Runs interpretation of a Chemprop model using the Monte Carlo Tree Search algorithm.

Parameters:

args – A InterpretArgs object containing arguments for interpretation.

chemprop.interpret.mcts(smiles: str, scoring_function: Callable[[List[str]], List[float]], n_rollout: int, max_atoms: int, prop_delta: float) List[MCTSNode][source]

Runs the Monte Carlo Tree Search algorithm.

Parameters:
  • smiles – The SMILES of the molecule to perform the search on.

  • scoring_function – A function for scoring subgraph SMILES using a Chemprop model.

  • n_rollout – THe number of MCTS rollouts to perform.
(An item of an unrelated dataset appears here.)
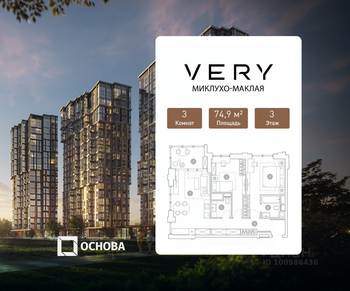 Продается 3-к квартира площадью 74.9 кв.м. на 3-м этаже

  • max_atoms – The maximum number of atoms allowed in an extracted rationale.

  • prop_delta – The minimum required property value for a satisfactory rationale.

Returns:

A list of rationales each represented by a MCTSNode.

chemprop.interpret.mcts_rollout(node: MCTSNode, state_map: Dict[str, MCTSNode], orig_smiles: str, clusters: List[Set[int]], atom_cls: List[Set[int]], nei_cls: List[Set[int]], scoring_function: Callable[[List[str]], List[float]]) float[source]

A Monte Carlo Tree Search rollout from a given MCTSNode.

Parameters:
  • node – The MCTSNode from which to begin the rollout.

  • state_map – A mapping from SMILES to MCTSNode.

  • orig_smiles – The original SMILES of the molecule.

  • clusters – Clusters of atoms.

  • atom_cls – Atom indices in the clusters.

  • nei_cls – Neighboring clusters.

  • scoring_function – A function for scoring subgraph SMILES using a Chemprop model.

Returns:

The score of this MCTS rollout.